Primary LanguagePythonMIT LicenseMIT


The Sparse-NN repository implements methods for sparsifying neural networks (i.e., making them use a small number of inputs). The methods are based on backward elimination and feature ranking, which provide a tractable approximate solution to a challenging combinatorial optimization problem.


Please download the code by cloning the repository. To run it you'll need Python >= 3, numpy, scipy, pandas, sklearn, and PyTorch >= 1.2.0.

How it works

The code is structured so that users must specify a base model that relies on all features, and then learn a sparse input neural network (SPINN) through either recursive feature elimination or a single ranking step. Base models are implemented in models/mlp.py, and SPINNs are implemented in models/spinn.py.

Five feature ranking methods are available here to use as part of the feature selection algorithm:

  • Learnable Bernoulli noise (learn per-feature dropout rates)
  • Learnable Gaussian noise (learn per-feature additive noise standard deviations)
  • Feature imputation (measure increase in loss when features are imputed)
  • First layer sensitivity (measure sensitivity of first hidden layer to each feature)
  • Jacobian sensitivity (measure sensitivity of model output to each feature)

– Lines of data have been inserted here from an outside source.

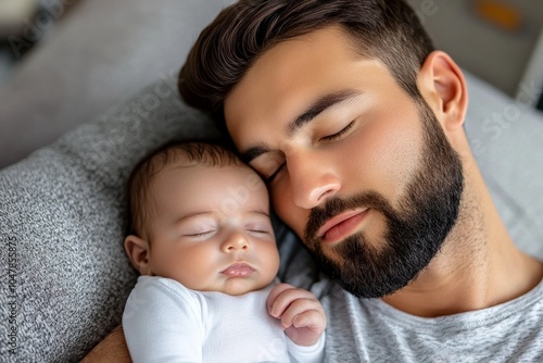 A father taking a nap with his newborn on his chest, both of them deeply relaxed in a peaceful living room
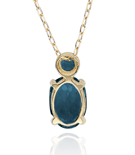 Gargantilla "London Blue" oro 18k y Topacios. La pieza inferior mide 5x7mm y 3 mm el detalle superior, formando un total de 10mm de alto. La cadena cuenta con 39,5 cm más 5 cm de extensión.
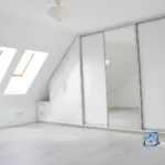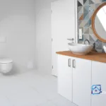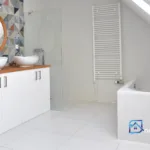 Na górze zaplanowano wygodne sypialnie z oknami połaciowymi i dużą zabudową szaf. Co więcej, sercem piętra jest duża łazienka: są tu dwie umywalki na długim blacie, prysznic walk-in, osobna wanna, a także WC podwieszane i bidet. Charakteru dodaje ściana z geometrycznymi płytkami i okrągłe lustro. W całym domu widać spójny, jasny styl, który łatwo dopasować do własnych mebli.

Each of the ranking methods leads to slightly different feature selection. The methods that tend to achieve the best performance with a small number of features are Bernoulli noise, Gaussian noise, and feature imputation. The methods that are most consistent with the features they select are Gaussian noise and Bernoulli noise.

To perform feature selection with these methods, a small amount of hyperparameter tuning is required. In our experiments, we chose the model architecture and optimization hyperparameters that led to an accurate model when relying on all features.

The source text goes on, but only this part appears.